Not surprisingly, a fall 2007 ESG survey regarding data protection indicates that use of data deduplication products is expected to increase significantly. More than one-third of the respondents said they plan to use file-level data deduplication in the future, and 25 percent expect to add sub-file deduplication capabilities.

The increasing reliance on disk storage and the growing volume of data that needs to be protected are two factors that make deduplication so enticing, says Lauren Whitehouse, an analyst at ESG. “The economics of applying disk in the backup process further improve with deduplication,” she says. “By implementing data deduplication technology that identifies and eliminates data redundancy, the amount of data that is transferred and stored is reduced.”

But it’s not as simple as selecting a system and letting the technology do its thing. “The biggest challenge for many organizations is understanding their requirements and selecting a vendor/solution that meets its needs,” Whitehouse says. “There are a lot of vendors and approaches to wade through, which also means there are many choices to find an optimal solution.”

Whitehouse says one of the key concerns is whether to go with a software or hardware approach. Typically, backup software performs deduplication at the source, identifying duplicates before data is transferred across a network. Among the benefits are integration with the backup software; more intelligence about the data set; less data transferred across the network, which is especially important in server virtualization environments where there’s a lot of redundant data; the ability to use any type of disk; and fewer issues with scalability. The drawback is that not all backup vendors offer deduplication.

Deduplication is also a feature of many storage systems and hardware appliances. The benefits are that the deduplication hardware is optimized for the process, works with any backup software and can be implemented quickly, Whitehouse says. One drawback is that not all solutions scale, causing issues when capacity thresholds are hit.

Some products perform deduplication at the file level, others at a block or byte level. Whitehouse says the differences between the approaches have to do with computational time, accuracy, level of duplication detected, index size and scalability. File-level deduplication checks file attributes and eliminates redundant copies of files stored on backup media. Although this method delivers less capacity reduction than other methods, it’s simple and fast.

The general rule, Whitehouse says, is that the more granular the segment being inspected, the more redundancy that can be detected. Also, the smaller the segment being inspected, the more segments that need to be examined and compared, which could take longer.

Another consideration is how deduplication is applied in an environment. “If there are multiple sources being backed up, does [deduplication] occur across them, in addition to within them?” Whitehouse says. “This could occur in cases such as multiple remote and branch-office backup consolidation, or multiple systems replicating to a [disaster recovery] site.”

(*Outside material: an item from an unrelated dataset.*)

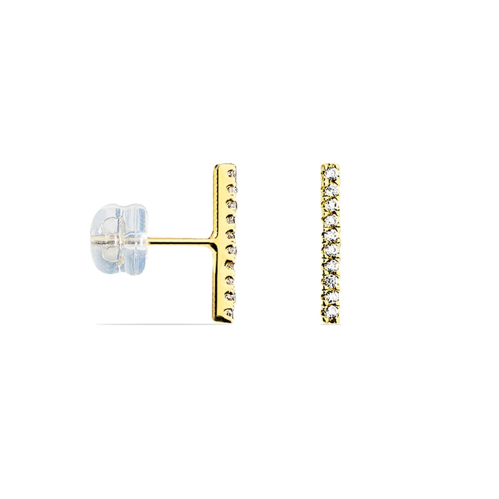 Boucles D’oreilles Or Jaune 375/1000 Formes Barrettes Pavage Oxydes De Zirconium

One of the biggest risks in selecting a deduplication solution is long-term viability. The most popular deduplication approach today is to install a disk-to-disk hardware system. But these solutions don't scale, which means that when a company hits a capacity threshold, it must upgrade the solution or add another system. Also, with multiple appliances in one environment that can’t be centrally managed, there are new management challenges.

Determining which approach and vendor is best depends on specific needs and a company’s tolerance for drawbacks. Deduplication requirements for remote and branch office consolidation might be different from those for data center backup. “Organizations need to map priorities and requirements and vet solutions based on these criteria,” Whitehouse adds.